Saved entries
++++++++
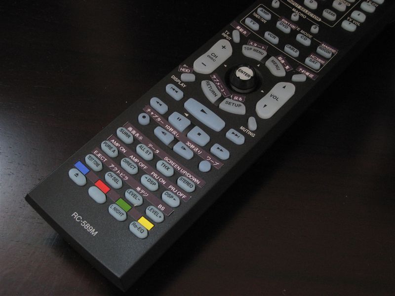 下の写真は、手を加える前の状態。AVアンプ付属の製品なのだから当たり前であるが、下部にある16個のボタンは、そのままではBDレコーダー用としては殆ど使えない。
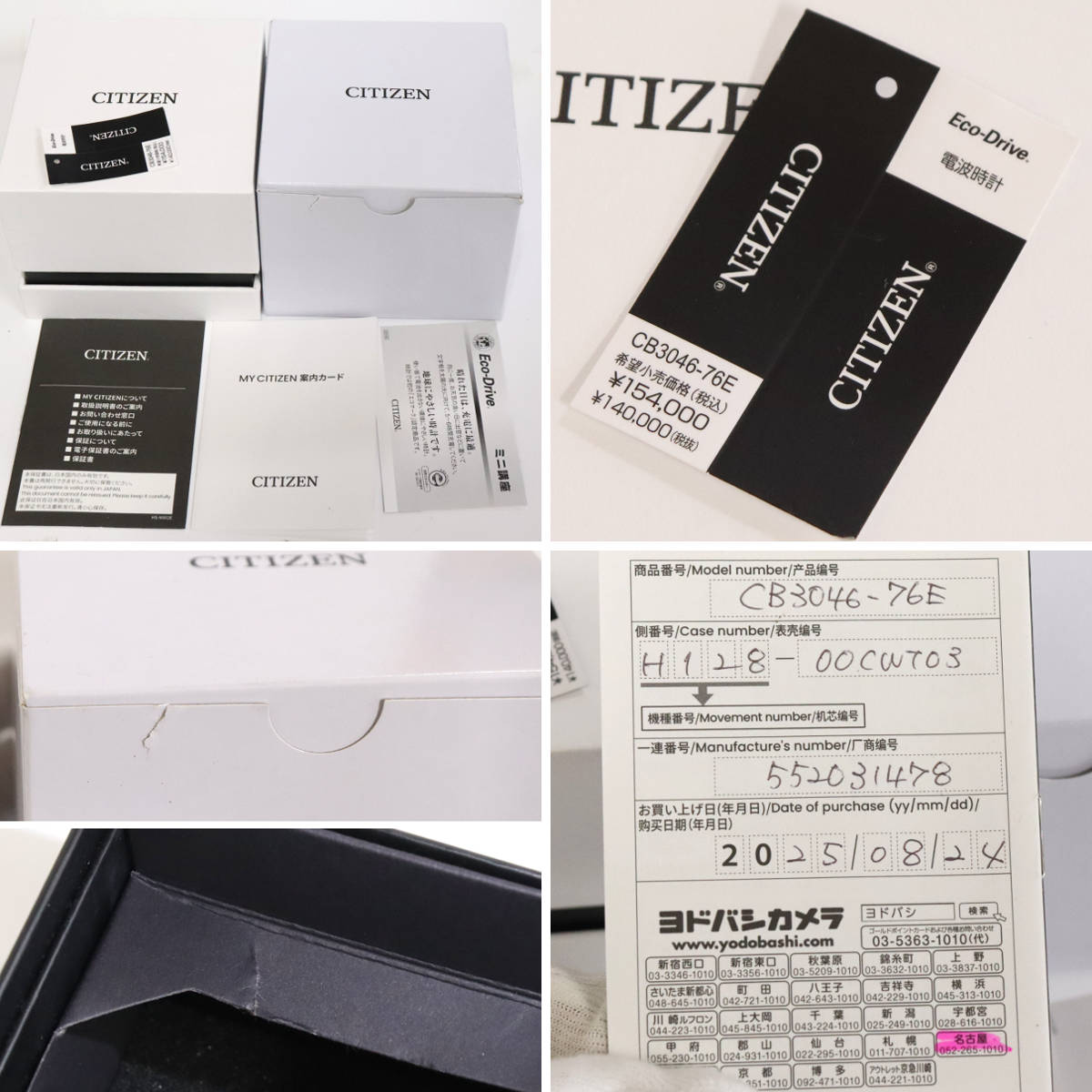 保証書が付属し、記載の購入日は2025年8月24日です。
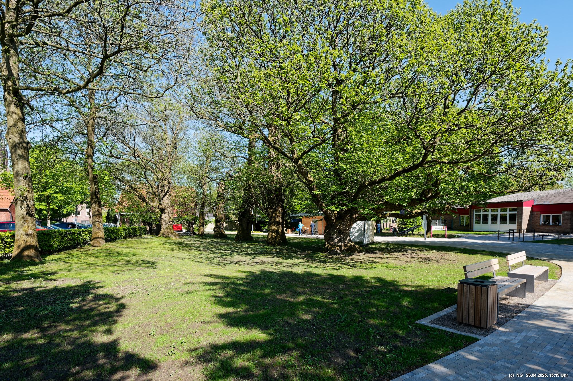 Angekündigt wurde eine großzügige Gestaltung der umgebenden Fläche. Das Ergebnis hat uns überrascht - in zweierlei Hinsicht: Es gibt breite Rad- und Fußwege, die im Bereich des Rundweges um die Eiche durch Bänke rechts schmal sind. Die Wege sind aber ordentlich und gut geführt. Dazwischen gibt es nur Grasflächen mit geringem Gehölzbestand. Die Fläche ist also übersichtlich. Erschrocken waren wir beim Blick auf die alte Eiche. Sie steht jetzt frei im Raum und hat all ihre Mystik verloren. Schlimmer noch - jetzt sieht man dahinter die Straße mit Häusern und Autoverkehr. Es ist eine Insellage geworden, zu der die Touristen strömen sollen. Warum sonst stehen dort auf kürzestem Raum mehr als 20 Bänke? Die Menschen müssen sich sicher nach Spaziergängen von 100 oder 200 m ausruhen und dort verweilen. Nur, wo sollen die alle herkommen - und wo gehen die dann hin? Kleines Fazit: Es ist eine saubere Gestaltung mit einer noch nie gesehenen Dichte an Bänken. Nein, der Charme ist weg. Leider!
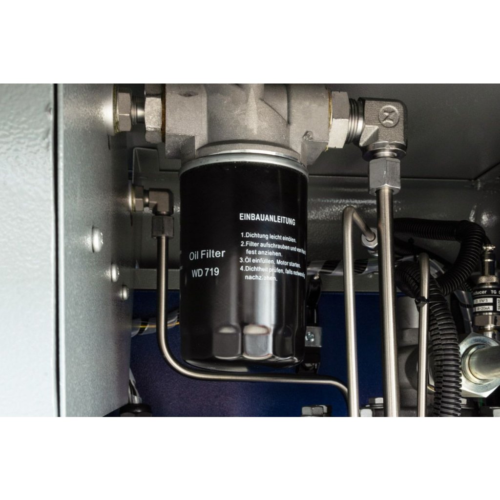 Moderný ovládací panel poskytuje plnú kontrolu nad prevádzkou kompresora. Umožňuje vám jednoducho sledovať a upravovať parametre, ako je prevádzkový tlak a teplota oleja, čo sa premieta do lepšej účinnosti a úspory energie.
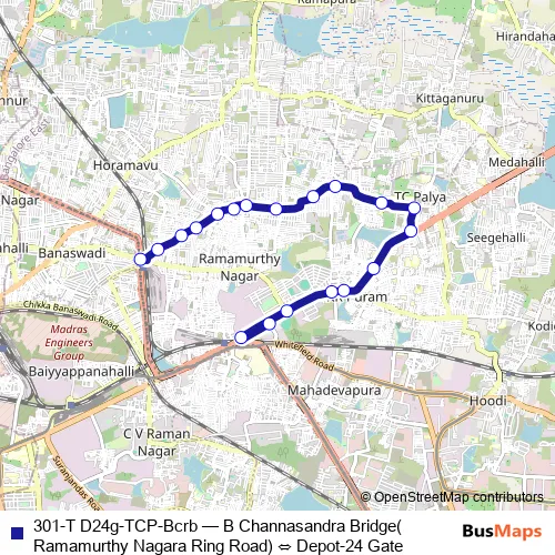 The first stop of the 301-T D24g-TCP-Bcrb bus route is Depot-24 Gate and the last stop is B Channasandra Bridge(Ramamurthy Nagara Ring Road). 301-T D24g-TCP-Bcrb (B Channasandra Bridge(Ramamurthy Nagara Ring Road) ⇔ Depot-24 Gate) is operational during everyday.
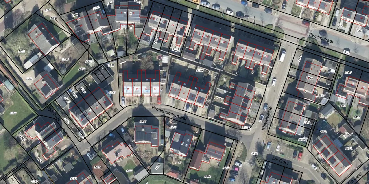 Het perceel waarop Bronkhorstermaat 6 staat heeft een oppervlakte van 3692 m². Dit is een zeer groot perceel. De perceeloppervlakte wordt geregistreerd door het Kadaster. Gedetailleerde informatie over de maten van dit perceel kunt u vinden in het rapport Kadastrale kaart met maatvoering van Bronkhorstermaat 6.
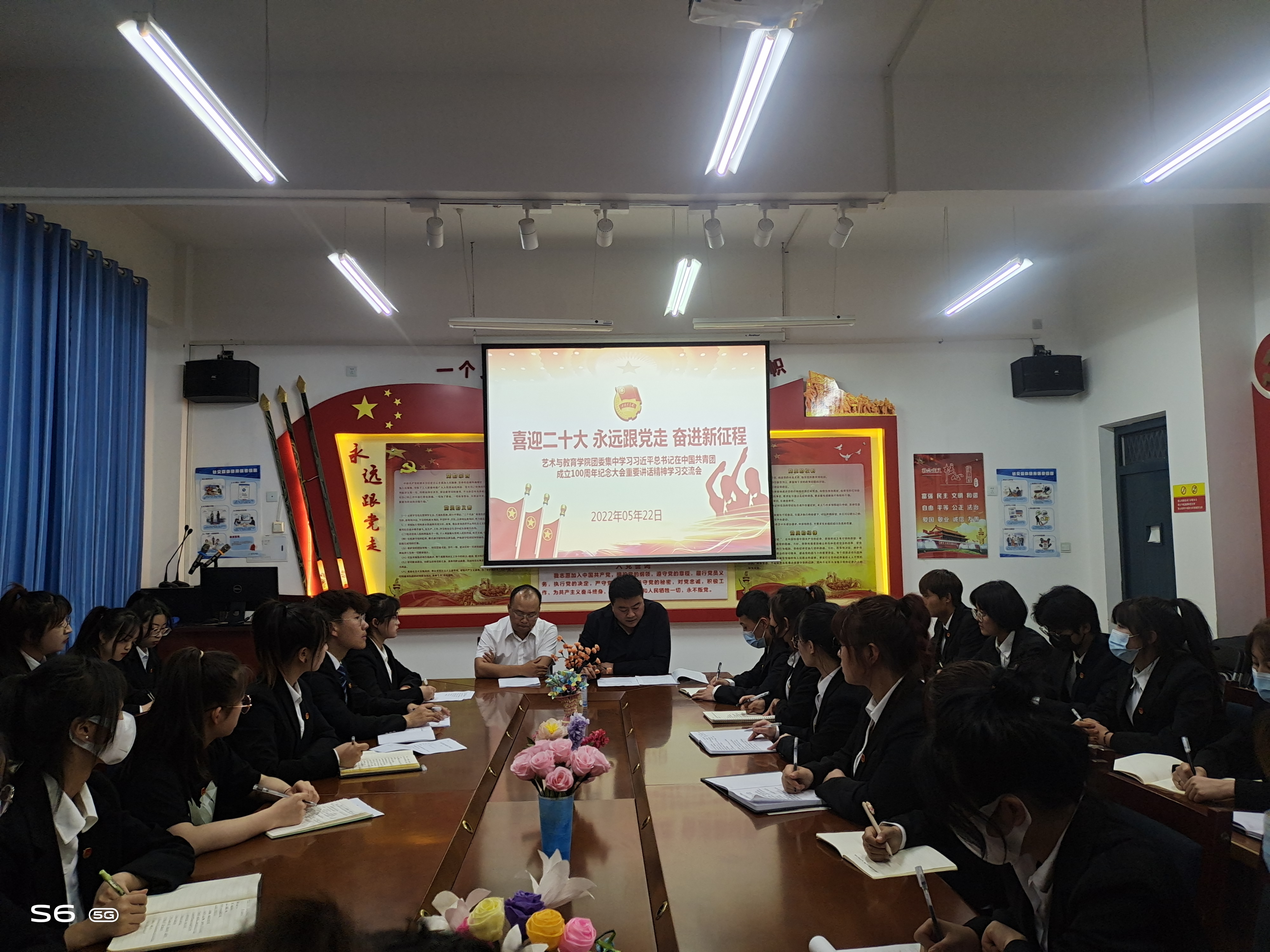 2022年5月22日晚,藝術(shù)與教育學(xué)院團(tuán)委以“喜迎二十大,奮進(jìn)新征程,永遠(yuǎn)跟黨走”為主題,開展習(xí)近平總書記在慶祝中國共產(chǎn)主義青年團(tuán)成立100周年大會(huì)上的重要講話精神學(xué)習(xí)研討交流會(huì),參會(huì)人員由藝術(shù)與教育學(xué)院副院長李欣,團(tuán)委書記唐鑫基,20、21級(jí)各班團(tuán)支部書記及優(yōu)秀團(tuán)員代表、預(yù)備黨員、入黨積極分子和入團(tuán)積極分子代表組成。
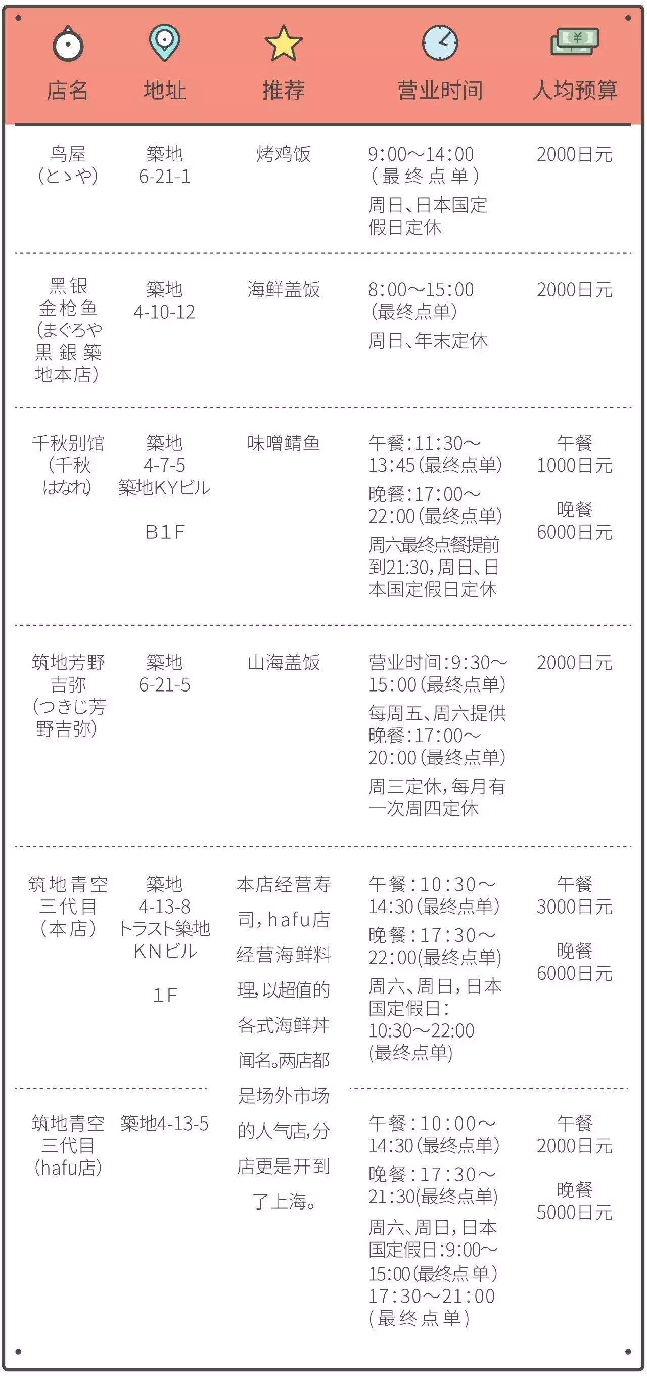 重点推荐:说的是那些运用筑地市场的食材,在烹饪上各具特色的餐厅。 特别适合不习惯生食或者想在筑地市场品尝更多不同料理的你。
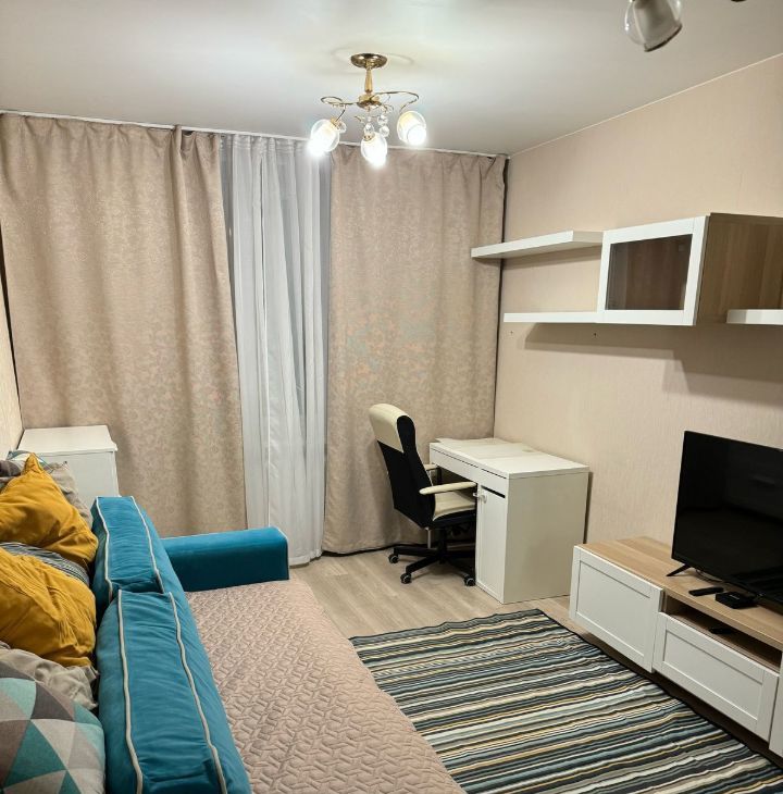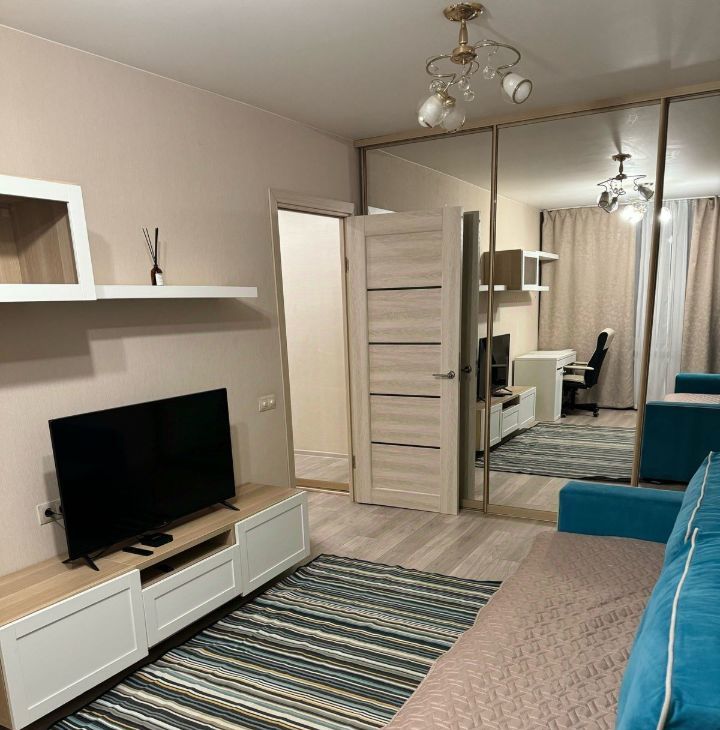 В квартире сделан современный евроремонт. Для вашего удобства она оснащена всей необходимой техникой: телевизором, стиральной машиной и холодильником. Ванная комната оборудована ванной, что добавляет комфорта. В квартире есть мебель как на кухне, так и в комнате, поэтому можно сразу заехать и жить.
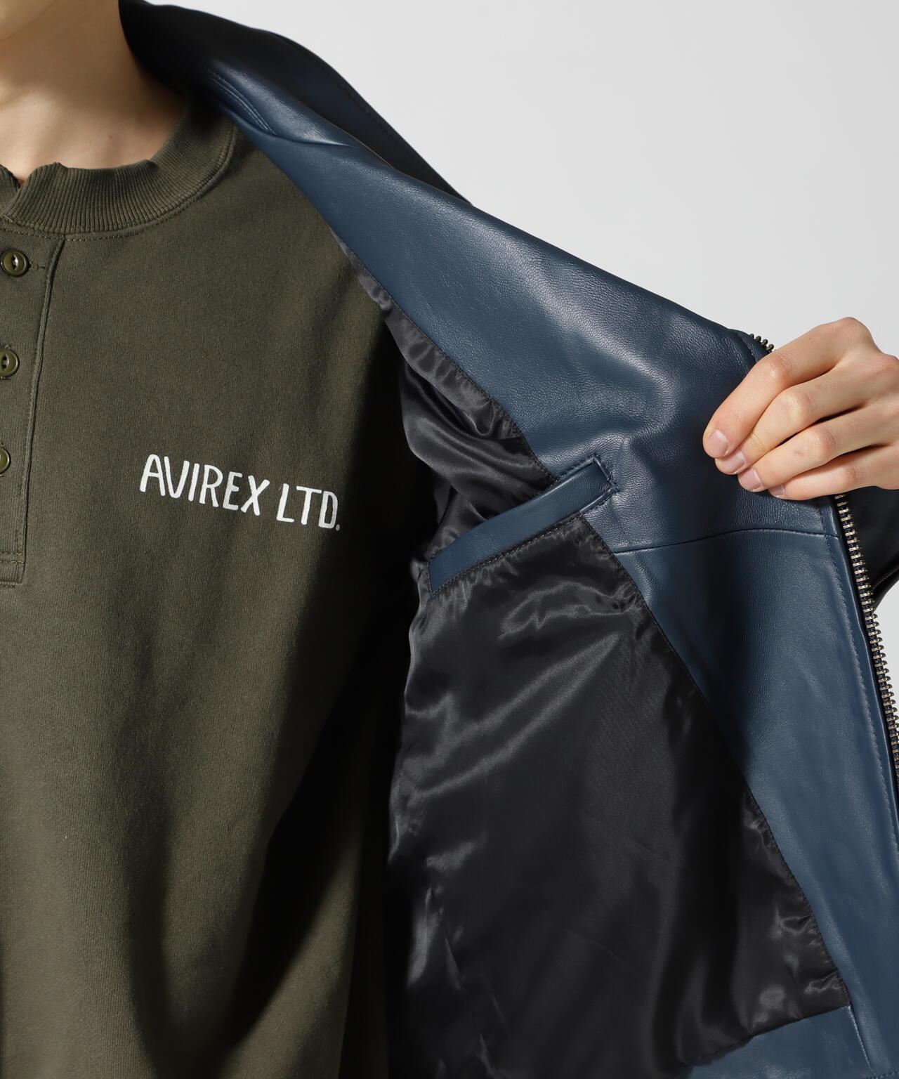 WEB&DEPOT 獨有的柔軟羊皮款式 - 產品描述 - 面料由經過植物鞣製和鉻鞣處理的羊皮製成。鉻鞣工藝的柔軟性和耐用性與植物鞣工藝的結實性和彈性相結合,隨著時間的推移,羊皮的光澤和紋理會逐漸加深。口袋:左胸和兩側有內袋和拉鍊口袋。袖口可用拉鍊調節。這是一款細節充滿魅力的連衣裙,如袖子的製作消除了不必要的空間感,便於活動,增加了手臂的活動範圍,並採用了便於活動的飛行夾克肩部設計。[AVIREX] 對比一些飛行夾克。
++++++++
Problem:
Give back every entry in full, exactly as written, with no picture included.

Response area:
 下の写真は、手を加える前の状態。AVアンプ付属の製品なのだから当たり前であるが、下部にある16個のボタンは、そのままではBDレコーダー用としては殆ど使えない。
 保証書が付属し、記載の購入日は2025年8月24日です。
 Angekündigt wurde eine großzügige Gestaltung der umgebenden Fläche. Das Ergebnis hat uns überrascht - in zweierlei Hinsicht: Es gibt breite Rad- und Fußwege, die im Bereich des Rundweges um die Eiche durch Bänke rechts schmal sind. Die Wege sind aber ordentlich und gut geführt. Dazwischen gibt es nur Grasflächen mit geringem Gehölzbestand. Die Fläche ist also übersichtlich. Erschrocken waren wir beim Blick auf die alte Eiche. Sie steht jetzt frei im Raum und hat all ihre Mystik verloren. Schlimmer noch - jetzt sieht man dahinter die Straße mit Häusern und Autoverkehr. Es ist eine Insellage geworden, zu der die Touristen strömen sollen. Warum sonst stehen dort auf kürzestem Raum mehr als 20 Bänke? Die Menschen müssen sich sicher nach Spaziergängen von 100 oder 200 m ausruhen und dort verweilen. Nur, wo sollen die alle herkommen - und wo gehen die dann hin? Kleines Fazit: Es ist eine saubere Gestaltung mit einer noch nie gesehenen Dichte an Bänken. Nein, der Charme ist weg. Leider!
 Moderný ovládací panel poskytuje plnú kontrolu nad prevádzkou kompresora. Umožňuje vám jednoducho sledovať a upravovať parametre, ako je prevádzkový tlak a teplota oleja, čo sa premieta do lepšej účinnosti a úspory energie.
 The first stop of the 301-T D24g-TCP-Bcrb bus route is Depot-24 Gate and the last stop is B Channasandra Bridge(Ramamurthy Nagara Ring Road). 301-T D24g-TCP-Bcrb (B Channasandra Bridge(Ramamurthy Nagara Ring Road) ⇔ Depot-24 Gate) is operational during everyday.
 Het perceel waarop Bronkhorstermaat 6 staat heeft een oppervlakte van 3692 m². Dit is een zeer groot perceel. De perceeloppervlakte wordt geregistreerd door het Kadaster. Gedetailleerde informatie over de maten van dit perceel kunt u vinden in het rapport Kadastrale kaart met maatvoering van Bronkhorstermaat 6.
 2022年5月22日晚,藝術(shù)與教育學(xué)院團(tuán)委以“喜迎二十大,奮進(jìn)新征程,永遠(yuǎn)跟黨走”為主題,開展習(xí)近平總書記在慶祝中國共產(chǎn)主義青年團(tuán)成立100周年大會(huì)上的重要講話精神學(xué)習(xí)研討交流會(huì),參會(huì)人員由藝術(shù)與教育學(xué)院副院長李欣,團(tuán)委書記唐鑫基,20、21級(jí)各班團(tuán)支部書記及優(yōu)秀團(tuán)員代表、預(yù)備黨員、入黨積極分子和入團(tuán)積極分子代表組成。
 重点推荐:说的是那些运用筑地市场的食材,在烹饪上各具特色的餐厅。 特别适合不习惯生食或者想在筑地市场品尝更多不同料理的你。
 В квартире сделан современный евроремонт. Для вашего удобства она оснащена всей необходимой техникой: телевизором, стиральной машиной и холодильником. Ванная комната оборудована ванной, что добавляет комфорта. В квартире есть мебель как на кухне, так и в комнате, поэтому можно сразу заехать и жить.
 WEB&DEPOT 獨有的柔軟羊皮款式 - 產品描述 - 面料由經過植物鞣製和鉻鞣處理的羊皮製成。鉻鞣工藝的柔軟性和耐用性與植物鞣工藝的結實性和彈性相結合,隨著時間的推移,羊皮的光澤和紋理會逐漸加深。口袋:左胸和兩側有內袋和拉鍊口袋。袖口可用拉鍊調節。這是一款細節充滿魅力的連衣裙,如袖子的製作消除了不必要的空間感,便於活動,增加了手臂的活動範圍,並採用了便於活動的飛行夾克肩部設計。[AVIREX] 對比一些飛行夾克。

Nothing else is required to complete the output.